The letter further urges New York City’s District Attorneys to take the following actions.
- Review the detention of all of those incarcerated pretrial with the presumption of consenting to release, and with an emphasis on immediate release for those who are medically vulnerable.
- Work with service providers, many of whom are represented on the taskforce or have signed onto this letter as supporters, to find alternatives to detention and incarceration that address harm and to provide reentry services that can assist in release.
- Consent to the release of all individuals recommended by CHS for medical reasons.
Lastly, the letter urges DOC to implement the following for New Yorkers in City custody:
- Release all persons serving city-sentences, particularly those who are medically vulnerable.
- Publicly report to people in custody and the public new protocols regarding sick call, access to medical treatment, and COVID related housing and staffing changes, including for example staffing of units that require specialty or additional training, numbers of people in units where out-of-cell time is restricted, and other important data.
- Ensure that telemedicine and video-conferencing for victim advocacy is available to compensate for any gaps in BOC in-person health standards, and consider recruiting outside medical staff to lessen CHS’s burden.
- Ensure that PREA standards regarding medical and mental health care are upheld for all survivors throughout this time.

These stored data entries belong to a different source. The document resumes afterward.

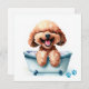 Couleur d'eau mignonne d'un chien de caniche mignon et moelleux dans une baignoire. Idéal pour les amoureux de les chiens.
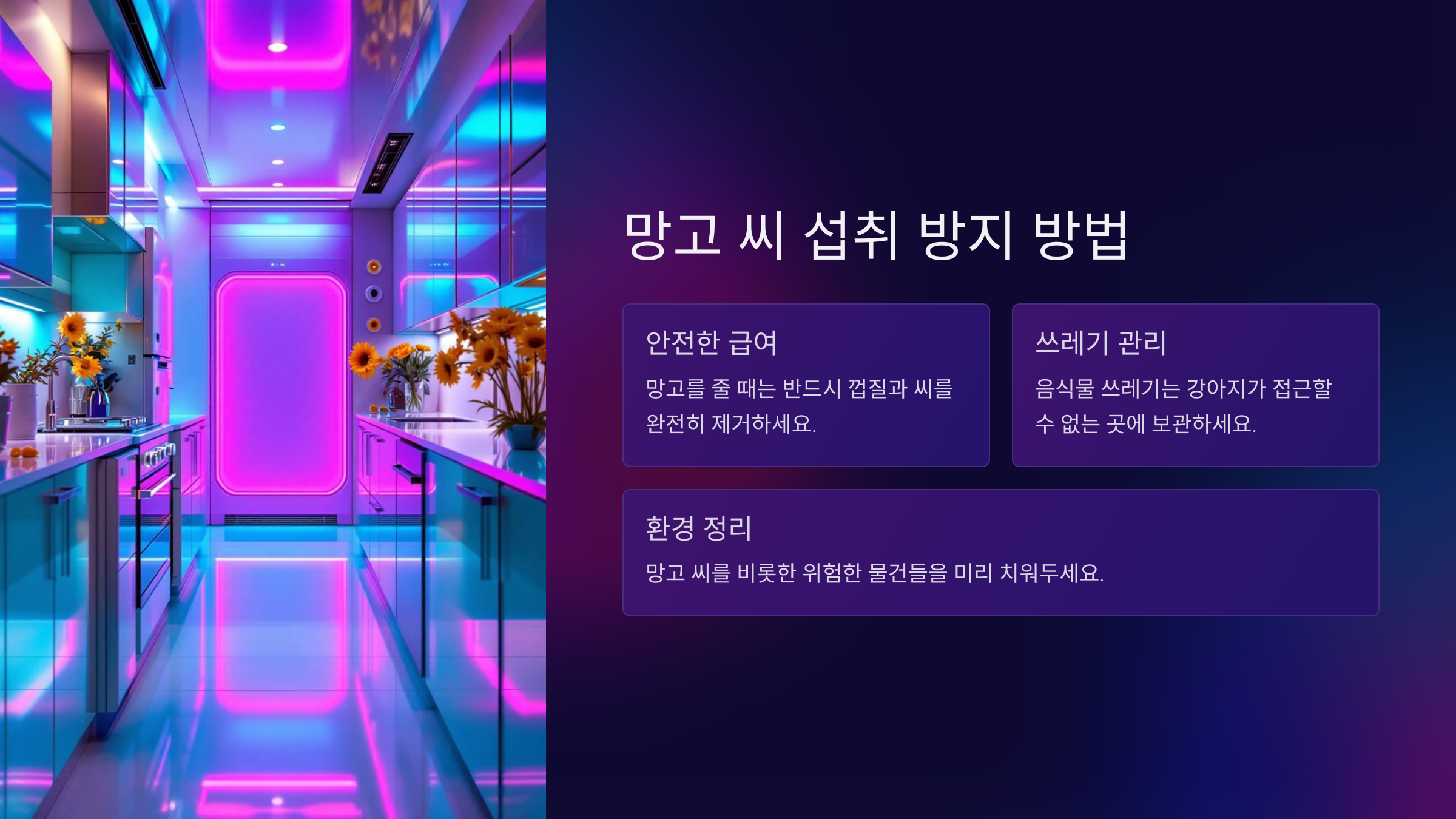 또한, 강아지가 주변에 놓인 망고 씨를 장난감처럼 물고 놀지 않도록 미리 치워주는 것이 중요해요. 호기심이 많은 강아지일수록 이런 상황에 주의가 필요하답니다.
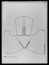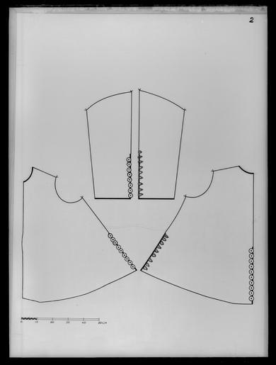 | Keywords: Tröja av sämskskinn. Förmodligen tillverkad av Jehan Beranger, Stockholm - Livrustkammaren - 34481.tif LSH artwork Friderich Feuerbrun pärlstickare Jehan Johan Beranger brodör sv Tröjan av sämskat skinn som tydligen parfymerats av s k innocenttyp med svängd midjelinje 10 skört ståndkrage och relativt korta ärmar med öppna sömmar framtill På grund av det ganska stela och styva materialet eller av att man begagnat sig av ett något urvuxet plagg har man försett det med diverse kilar och tillskarvade stycken Tydligen har man broderat de tillskurna bitarna innan de sedan fogats samman Broderiet är av något annan karaktär än kasackens och byxornas som däremot sinsemellan förefalla likartade I tröjan kan man spåra mer av stramhet Broderiet har sytts icke blott genom lädret utan också genom ett relativt grovt lärftsfoder 17x17 tr/cm2 som lagts mot lädrets insida <br/>Broderiet utgörs även här av en bård Den upptar egentligen ett strängt stiliserat mönster av 16 cm höjd och har nertill vid ytterkanterna begränsats av en repstav och härovanför av en bård som innehåller delar av vad man skulle vilja kalla lambrequinmotiv lagt med repstav Ovanför denna bård följer kompositioner med fruktkorgsmotiv samt palmettarrangering helt symmetriska Allra överst komma dock tulpanliknande blommor som böja sig varannan gång åt höger varannan gång åt vänster Rakt ovanför lambrequinmotivet sitter en liten symmetrisk 7-bladig palmett <br/>Anmärkningsvärt är att man tydligen på tröjan sedan de broderade läderstyckena monterats broderat små kantiljer utanför sömmen d v s i mönstrets fortsättning på det andra läderstycket På ärmarna har man t o m broderat ett ca 4 á 5 cm brett parti i något klumpigare utförande på det nedersta ärmstycket Här kan observeras att man genomgående glömt att göra stycket spegelvänt i förhållande till den intilliggande fruktkorgen Mönstret är för övrigt otroligt väl anpassat till bårdens bredd så att dess proportioner växla på det mest följsamma sätt Lädrets sömmar är hopkastade från baksidan med ca 6stygn/cm samt åt motsatt håll med ca 2 långa kaststygn sytt med 2-trådig högertvinnad grå lintråd I själva broderiet som sytts genom läder och linnefoder har man t ex tagit 9 stygn på en sträcka av 1 cm längd när man sytt ner paljettsträngen Man har använt olikfärgat silke grått gult brunt - med mellannyanser - samt rosa och halmgult <br/>Ett speciellt påpekande bör göras angående skörtens broderier Här har man nämligen förminskat mönstret till mindre rapport och endast broderat små blommor och ornament men likväl behållit lambrequinbården som även den förminskats Man kan lägga märke till delsatt när den 4 5 cm breda spetsen som sytts på skörtens 3 fria sidor denna sitter så långt in på broderiet att lambrequinbården helt döljs dels att man genomgående klippt fodertyget brokaden på baksidan något större än det broderade läderskörtet Dessutom har man på vänstra sidans främsta skört klippt av dess bakre sida vertikalt mitt i broderiet - man har tydligen från början broderat på ett alltför stort skörtstycke Blott en del skört har fått det yttersta snoddbandet som ingår i dekoren placerat på de 3 yttersidorna <br/>Kragen har broderier endast på höger sida ca 9 cm från framkanten räknat På vänster sida går däremot dessa ej ut från kanten utan ca 1 5 cm därifrån och omkring 8 cm åt sidan Det är en ståndkrage med ett 60-tal vertikala avsyningar över de 2 i det grova lärftsfodret 19x18 tr/cm2 horisontellt inlagda lång fiskbenen Dess söm bak ligger inte helt i mitten utan någon cm mer åt höger Upptill är den kantad med ett numera mycket trasigt grått ripsband och har haft vitt taftfoder på insidan Längs den raka framkanten knäpps tröjan med 22 st knappar ca 1 2 cm i diameter varav den 6 e uppifrån saknas Dessutom finns i ståndkragen 3 knappar av samma sort och lika många tränsar av guld- och silvertråd Ärmarna saknar nertill vid uppslagen knappar och knapphål och skiljer sig härigenom från flertalet tröjor <br/>På det högra framstycket där knapparna sitter finns en ca 4 5 cm bred knypplad guld- och silverspets med inlagda breda silverlan som nedifrån skörtets yttersta spets och uppåt räknat når till en höjd av 25 cm Härovanför vidtar en betydligt smalare spets blott 2 8cm bred Detta arrangemang verkar vara ursprungligt då man kan finna liknande tillvägagångssätt på andra tröjor På den knapphålsförsedda vänstra sidan saknas spets helt Placeringen av den breda spetsen tyder på att plagget blott skulle vara knäppt t o m det 12 e eller 13 e knapphålet uppifrån räknat Numera kan man göra den iakttagelsen att just dessa knapphål slitits vilket visserligen även skett med det 20 e som dock kantänkas härröra från tidigare utställning <br/>I övrigt har den breda spetsen tydligen suttit runt omkring alla skört Varje skört drar ca 40 cm vid de öppna ärmsömmarna i de öppna ärmuppslagens insidor runt ärmsömmarna på axelsömmarna och 38 cm på vänster framstycke och eventuellt även på kragen Numera finns spetsarna uteslutande kvar på 1 a skörtet på höger sida skörten mitt bak samt det 3 e på vänster sida i bägge ärmarnas långa sprund i ärmuppslaget på vänster ärm runt höger ärm samt vid nedre delen av vänster ärmringning på höger axel och den redan nämnda biten på höger framstycke I midjesömmen under skörten sitter på insidan 6 st byxtampar försedda med vardera 2 hål Den mellersta på höger sida är troligen senare ditsydd eftersom den är klädd med en glesare vävnad med mörkare guldlan De övriga är - som brukligt är - sydda av foderbrokaden <br/>Tröjan är fodrad med s k gyllenduk d v s guldbrokad Den har en vådbredd av minst 50 cm utan stad ca 70x20 tr/cm2 med varp av otvinnat vitt silke Inslaget bildas av tjockare vitt silke med sil

“Transgender people continue to be moved from facility to facility because the Department of Correction often houses them incorrectly and then needs to move them to another housing area,” said Deborah Lolai, Supervising Attorney of the LGBTQ Defense Practice at The Bronx Defenders. “This means that transgender people are going to be exposed to many more people and units than their cisgender counterparts, increasing their risk of contracting COVID-19. We need the state to recognize the urgency of the situation and to release vulnerable transgender people before its too late.”
TGNCNBI individuals in jails and prisons should be released from custody, and swiftly. They are at extraordinary risk of violence, isolation, and suffer greatly from the decreased access to medical and mental health care and other necessary resources. The truth is that the prisons and jails cannot keep vulnerable people safe right now. No one detained or incarcerated has been sentenced to die,” said Mik Kinkead, Staff Attorney with the Rikers Island Civil Re-Entry Project, Civil Practice, at The Legal Aid Society.
“Because of discrimination in accessing healthcare and health insurance, TGNCNBI people are at greater risk if they are exposed to COVID-19. This risk is even more grave in New York’s prisons and jails where safety is never guaranteed and medical care is sporadic. The government has the power to stem the crisis of COVID-19 spreading throughout our jails and prisons by releasing vulnerable people and any delay puts all New Yorkers at risk. Before it is too late, TGNCNBI people must be released,” said Kelsey De Avila, Jail Services Project Director at Brooklyn Defender Services.